> _Work order_:
Repeat every entry word for word. Images do not belong in the copy.

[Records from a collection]
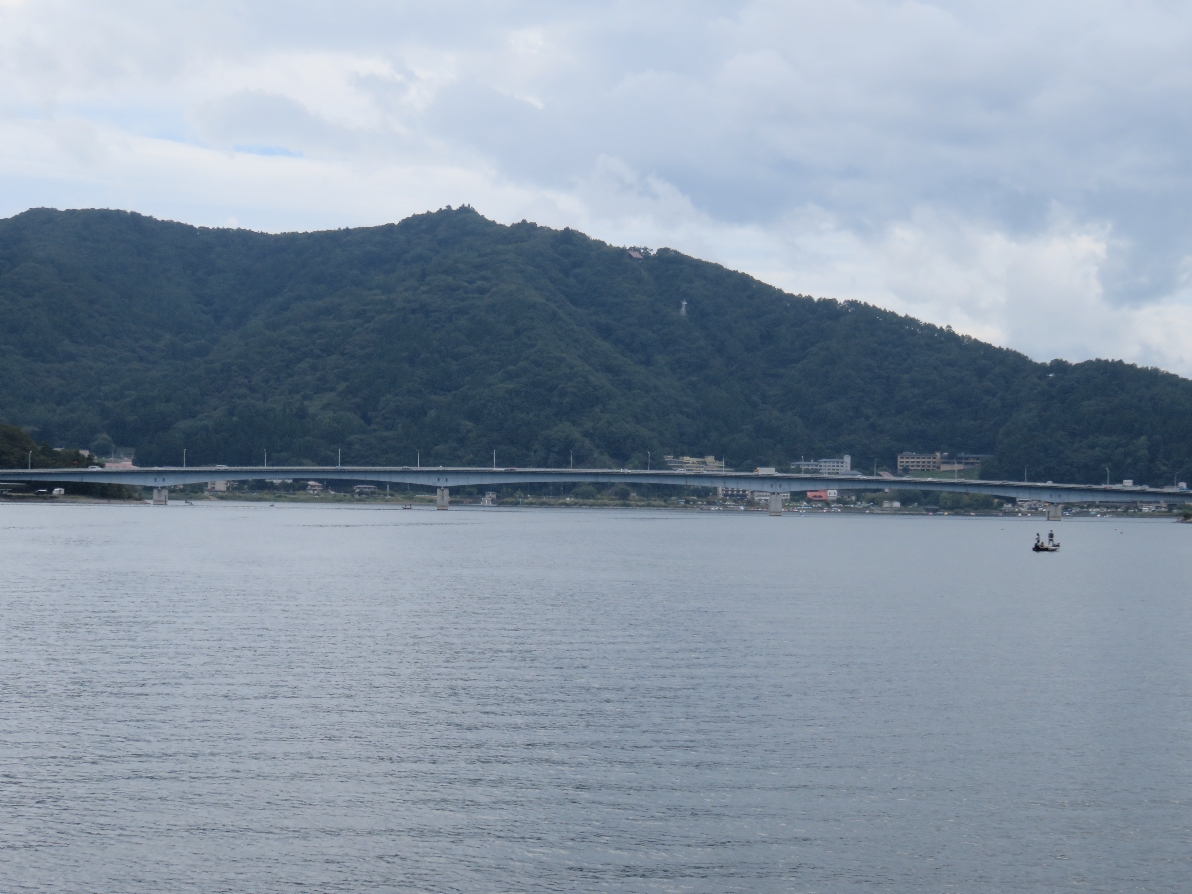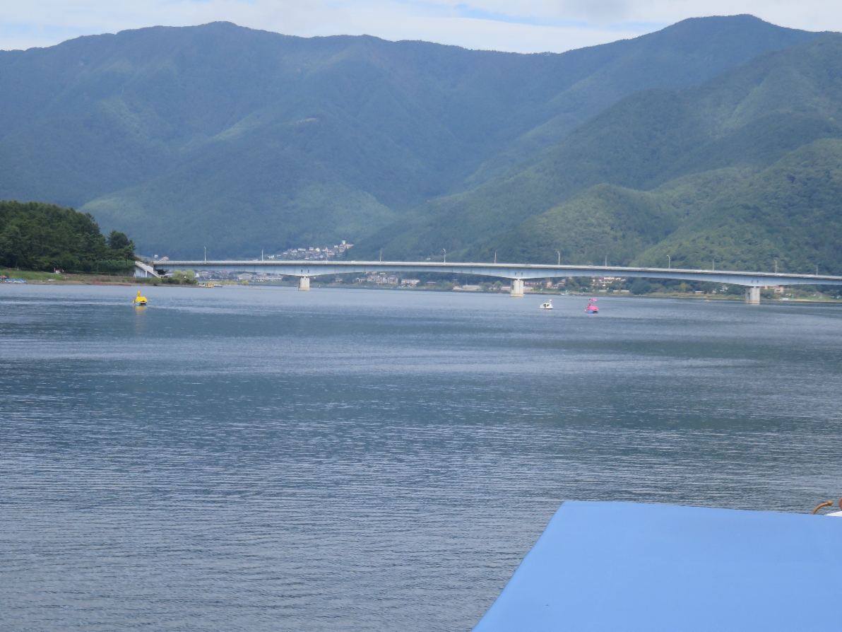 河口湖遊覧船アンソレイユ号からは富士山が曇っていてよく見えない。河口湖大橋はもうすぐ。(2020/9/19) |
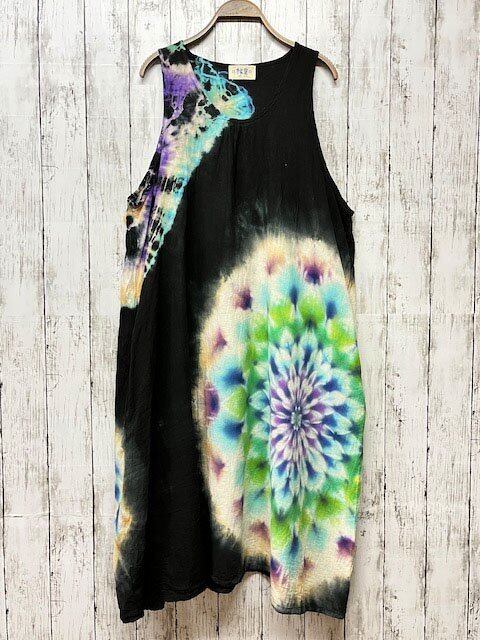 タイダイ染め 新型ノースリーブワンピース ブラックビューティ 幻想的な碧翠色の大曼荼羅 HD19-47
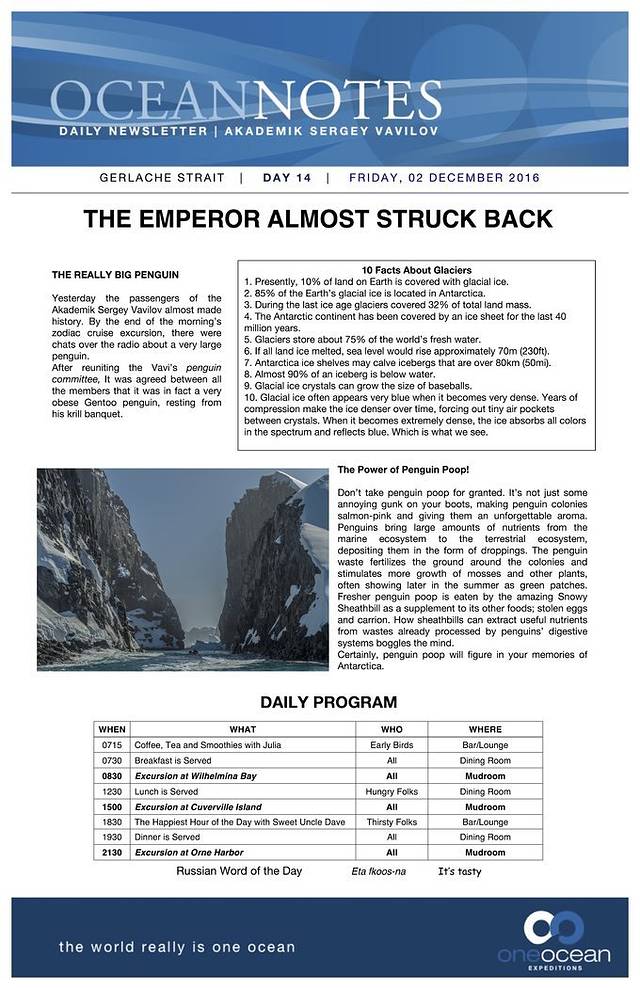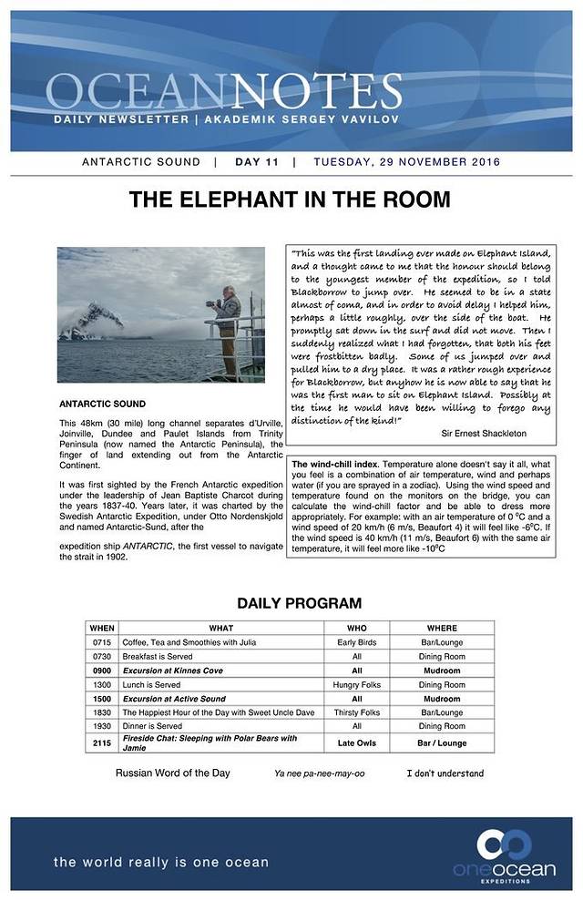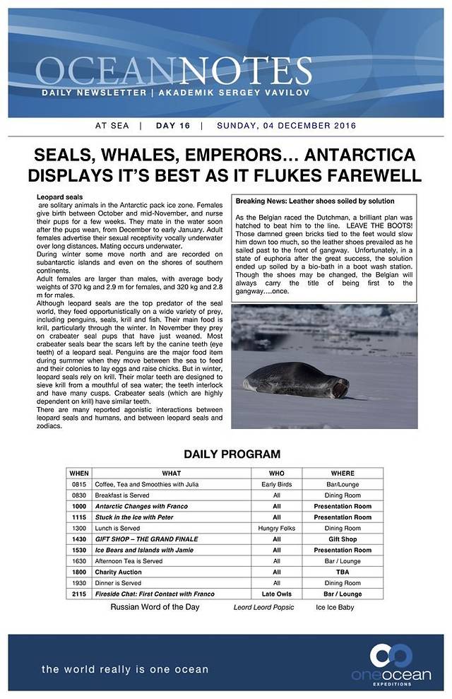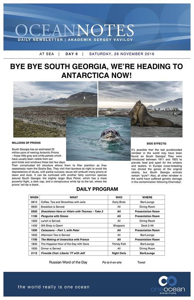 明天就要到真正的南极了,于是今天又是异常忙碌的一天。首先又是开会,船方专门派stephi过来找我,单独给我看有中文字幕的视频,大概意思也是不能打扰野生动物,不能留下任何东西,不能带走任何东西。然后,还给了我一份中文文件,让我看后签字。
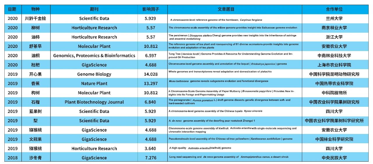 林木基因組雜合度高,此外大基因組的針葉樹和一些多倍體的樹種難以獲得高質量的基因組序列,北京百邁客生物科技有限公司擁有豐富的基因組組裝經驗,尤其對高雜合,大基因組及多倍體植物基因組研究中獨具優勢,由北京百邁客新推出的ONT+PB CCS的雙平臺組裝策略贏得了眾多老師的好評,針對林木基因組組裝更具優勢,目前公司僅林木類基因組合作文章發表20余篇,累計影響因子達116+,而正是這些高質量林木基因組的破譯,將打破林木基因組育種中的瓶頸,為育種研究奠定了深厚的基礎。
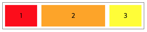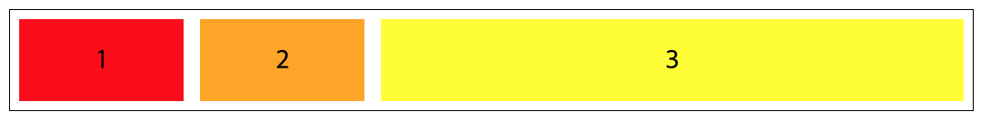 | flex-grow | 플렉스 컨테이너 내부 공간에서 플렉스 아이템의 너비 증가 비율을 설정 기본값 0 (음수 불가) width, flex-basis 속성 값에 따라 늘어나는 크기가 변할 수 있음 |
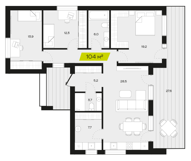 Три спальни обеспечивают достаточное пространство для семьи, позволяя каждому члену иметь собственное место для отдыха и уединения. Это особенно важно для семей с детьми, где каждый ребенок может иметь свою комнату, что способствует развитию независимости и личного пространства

> _Output_:
 河口湖遊覧船アンソレイユ号からは富士山が曇っていてよく見えない。河口湖大橋はもうすぐ。(2020/9/19) |
 タイダイ染め 新型ノースリーブワンピース ブラックビューティ 幻想的な碧翠色の大曼荼羅 HD19-47
 明天就要到真正的南极了,于是今天又是异常忙碌的一天。首先又是开会,船方专门派stephi过来找我,单独给我看有中文字幕的视频,大概意思也是不能打扰野生动物,不能留下任何东西,不能带走任何东西。然后,还给了我一份中文文件,让我看后签字。
 林木基因組雜合度高,此外大基因組的針葉樹和一些多倍體的樹種難以獲得高質量的基因組序列,北京百邁客生物科技有限公司擁有豐富的基因組組裝經驗,尤其對高雜合,大基因組及多倍體植物基因組研究中獨具優勢,由北京百邁客新推出的ONT+PB CCS的雙平臺組裝策略贏得了眾多老師的好評,針對林木基因組組裝更具優勢,目前公司僅林木類基因組合作文章發表20余篇,累計影響因子達116+,而正是這些高質量林木基因組的破譯,將打破林木基因組育種中的瓶頸,為育種研究奠定了深厚的基礎。
 | flex-grow | 플렉스 컨테이너 내부 공간에서 플렉스 아이템의 너비 증가 비율을 설정 기본값 0 (음수 불가) width, flex-basis 속성 값에 따라 늘어나는 크기가 변할 수 있음 |
 Три спальни обеспечивают достаточное пространство для семьи, позволяя каждому члену иметь собственное место для отдыха и уединения. Это особенно важно для семей с детьми, где каждый ребенок может иметь свою комнату, что способствует развитию независимости и личного пространства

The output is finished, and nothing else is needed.